Opinion Number. 1014

Subject

NORTHERN TERRITORY LAWS
AFFIRMATIONS IN LIEU OF OATHS: WHETHER ATHEISTS CAN AFFIRM

Key Legislation

CRIMINAL PROCEDURE AMENDMENT ACT 1866-7 (S.A.), s. 9: PROMISSORY OATHS ACT 1869 (S.A.), ss. 5, 6, 7: AFFIRMATIONS ACT 1896 (S.A.), ss. 2, 3

Date
Client
The Secretary, Department of Home and Territories

The Secretary, Department of Home and Territories, has forwarded, for advice, a memorandum covering a letter from Messrs McCay & Thwaites, pointing out that there is not adequate provision in the Northern Territory for affirmations to be made in lieu of oaths in cases of-

  1. persons required to take oaths of office such as magistrates, jurors, interpreters etc., and
  2. persons required to take oaths on being sworn to affidavits.

The memorandum of the Secretary to the Department is as follows:

Will you be so good as to advise regarding the annexed letter from Messrs McCay & Thwaites. It would appear from an examination of Act No. 671 that the first class of cases referred to is fully met by the phrase 'official oath' in section 2.

  1. As regards the second class the Department is not quite clear as to the meaning of the phrase 'judicial oath' in section 2 and is unable to say whether or not it might be construed to mean an oath to be used in judicial or legal proceedings.
  2. A perusal of section 3 of the Act indicates that affidavits were in contemplation when the law was passed.
  3. Will you advise whether the classes of cases mentioned in the letter are covered by the existing law.

Section 2 of the Affirmations Act 1896 of South Australia provides that all persons may make an affirmation in lieu of taking the oath required by the Constitution Act or any oath of allegiance, official oath, oath of fidelity, or judicial oath.

The oath required by the Constitution Act is the oath of allegiance to be taken by Members of Parliament.

The Promissory Oaths Act 1869 provides that the oath of allegiance and the official oath shall be taken by the Governor and each member of the Executive Council; the oath of allegiance and the judicial oath by the Chief Justice and Judges of the Supreme Court, the Commissioner of Insolvency, Special Magistrates and Justices of the Peace, and the oath of fidelity by members of the Executive Council.

The Affirmations Act 1896 therefore only partially covers the class of cases referred to in paragraph (a) above.

Section 3 of the Affirmations Act 1896 does not, I think, provide expressly or impliedly that affidavits may be made on affirmation, but merely provides for the form of affirmations in writing authorised by the Act.

The Criminal Procedure Amendment Act 1866-7 (No. 13), section 9, provides as follows:

9. If any person called as a witness in any Court in the said Province, or required or desiring to make an affidavit or deposition in the course of any proceeding in any such Court, shall refuse or be unwilling, from alleged conscientious motives, to be sworn, it shall be lawful for the Court, or Judge, or other presiding officer or person qualified to take affidavits or depositions, upon being satisfied of the sincerity of such objection, to permit such person, instead of being sworn, to make his or her solemn affirmation or declaration in the words following, that is to say-

I, A.B., do solemnly, sincerely, and truly affirm and declare that the taking of any oath is according to my religious belief unlawful, and I do also solemnly, sincerely, and truly affirm and declare, &c.
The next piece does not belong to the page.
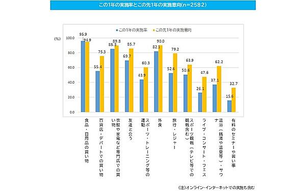 次に行動パターンごとに「ここ1年に実施したか」「この先1年に実施したいか」を聞くと、いずれの項目でも今後あらためて実施したいという意向が強い。特に「旅行・レジャー」「温浴(銭湯や温泉等)・サウナ」「ライブ・コンサート・フェス」は大きく、「有料のセミナーや習い事」は倍以上の意向となっている。コロナ禍が沈静した場合、2023年は経済活動がかなり活発になりそうだ。

Which solemn affirmation and declaration shall be of the same force and effect as if such person had taken an oath in the usual form.

An affirmation in the form prescribed by that section can presumably only be made by a person who has a religious belief and therefore not by an atheist, who, apparently, has no religious belief.

I am, therefore, of opinion that the classes of persons mentioned in the letter of Messrs McCay & Thwaites are not adequately covered by the existing law and would suggest that the question of the amendment of the present law to provide for the cases not covered be considered.